Various synthesis features and post-synthesis tools will insert logic cells that, if used in the path of a CDC, conflict with the assumptions made by formal analysis during RTL verification. Test synthesis will, for example, insert additional registers to enable inspection of logic paths through JTAG. Low-power design introduces further issues through the application of increasingly fine-grained clock gating. The registers and combinatorial cells these tools introduce can disrupt the proper operation of synchronization cells inserted into the RTL.
The key issue is that all clock-domain crossings involve, by their nature, asynchronous logic and one of the hazards of asynchronous logic is metastability. Any flip-flop can be rendered metastable. If its data input is toggled at the same time as the sampling edge of the clock, the register is likely to fail to capture the correct input but instead become metastable. The state of the capturing flop may not settle by the end of the current clock period, and so presents a high chance of feeding the wrong value to downstream logic (Fig 1).

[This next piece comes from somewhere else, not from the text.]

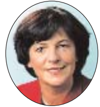
Ulla Schmidt Federal Minister for Health, Germany

Figure 1 When data is still changing as a clock changes, the output can become metastable
The risk of metastability with asynchronous logic is always present. Designers can ensure that their designs are unlikely to experience a problem from metastability by increasing the mean time between failure (MTBF) of each synchronizer.
Equation 1 The governing equation of MTBF
The MTBF varies with the settling time of the signal, the time window over which data is expected to settle to a known state, the clock frequency, the data frequency, and the resolution time-constant for the synchronizer, written as τ (tau). The parameter τ depends primarily on the capacitance of the first flip-flop in the synchronizer, divided by its transconductance. MTBF exhibits an exponential dependence on τ as it is proportional to e1/τ. The value of τ tends to vary with both process technology and operating temperature because that affects drain current, which, in turn, affects transconductance. The MTBF can drop many orders of magnitude at temperature extremes, making a failure far more likely.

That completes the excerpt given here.